It’s not just economic trends that are looking up: crime rates, teen pregnancy and carbon emissions are down; public-education outcomes are improving dramatically; inflation in health care costs is at a half-century low. That points to something I did not foresee last year: that the social health of America seems to be mending. Americans may still feel discontented, but winter is finally over.

AMERICANS ARE SPENDING LIKE THEY MEAN IT

The biggest piece of the U.S. economy, by far, is the consumer sector. It represents 70% of GDP in most years. But consumers suffered historic setbacks in 2008 and 2009. According to a Federal Reserve Board report, 13% of households experienced “substantial financial stress.” This compares with only 1% during the previous two recessions. And it is why consumer spending fell so sharply in 2009, as frightened households cut back.

It has taken years for total household finances to recover fully, but now they have. Total household net worth is now well above its 2007 peak, driven by the recovery in stock prices and home values. Household debt-to-income ratios are the lowest in more than 30 years. And the first half of 2014 has seen employment begin to take off.

Indeed, consumer spending is strengthening alongside consumer confidence, which is nearly back to prerecession levels. For all of 2014, consumer spending should grow around 3% as real disposable income rises and the savings rate moderates. With an average of 248,000 new jobs having been added in each of the past five months, the unemployment rate is probably on course to fall to 5% in 2016. Although part of the decline in the unemployment rate to date is due to stubbornly low labor-participation rates, the overall outlook for consumer spending, the engine of our economy, is healthy again.

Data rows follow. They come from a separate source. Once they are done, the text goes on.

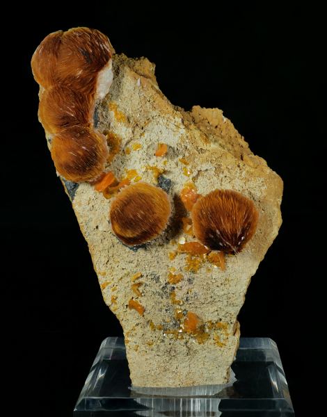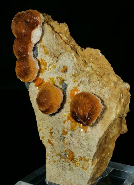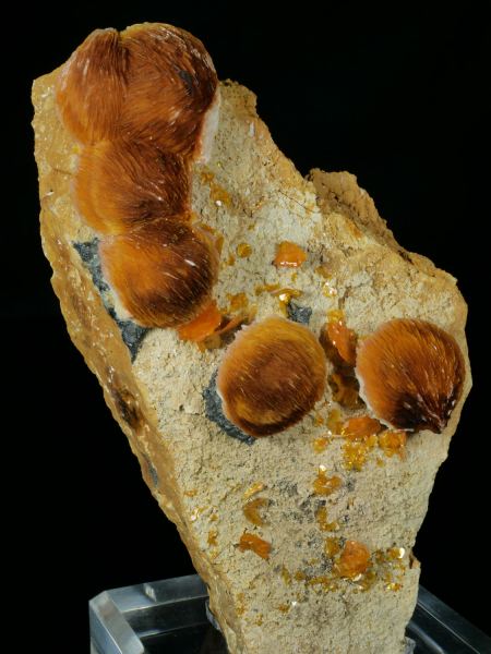 A item for collector with orange Wulfenite crystals and orange Baryte pompoms that remind us of small hedgehogs. This piece is highlighted by its custom base realized by us.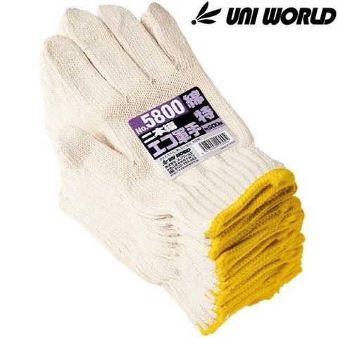 作業用軍手 ユニワールド エコ軍手 綿特紡2本編み 12双×10セット(120双入り) 5800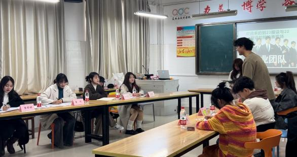2023 年 11 月 22 日下午 2 点 30 至 4 点,美术与设计学 院服装与服饰设计辩论赛在美术与设计学院教室 B 楼 b207 隆重举行, 此次辩论赛的题目是“'衣' 以载道,'文质彬彬 ’乎?——该不该以貌取人?”此次辩论赛吸引了同学们的广泛关注。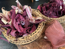 草木染工房「山の雫」による展示販売会「山の雫展~はずむ草木染~」が12月5日、アートハウス(飯田市上郷、TEL 0265-24-5811)で始まった。

HOUSING HAS COME BACK TO LIFE

A good recovery in the housing sector was inevitable because both the supply of viable housing and household-formation rates had dropped to very low levels. That combination finally triggered a snapback.

At first, it was housing prices that turned up. Over the past year, they rose in each of the 20 largest metropolitan areas. And since its low point in early 2012, the Case-Shiller Home Price Index has risen more than 25%. This revived the housing market and helped restore overall household balance nationwide.

Single-family and multifamily housing starts have also recovered strongly. They exceeded 1.5 million annually in the decade before the crisis but collapsed to less than 500,000 in its aftermath. Now they are over 1 million and should go higher. Most forecasts envision a rate of roughly 1.2 million next year, continuing to rise to 1.6 million over the next few years. Keep in mind that new housing construction and renovations drive a wide range of manufacturing and services output, from appliances to trucking. Indeed, private residential investment has jumped by more than 27% since 2012.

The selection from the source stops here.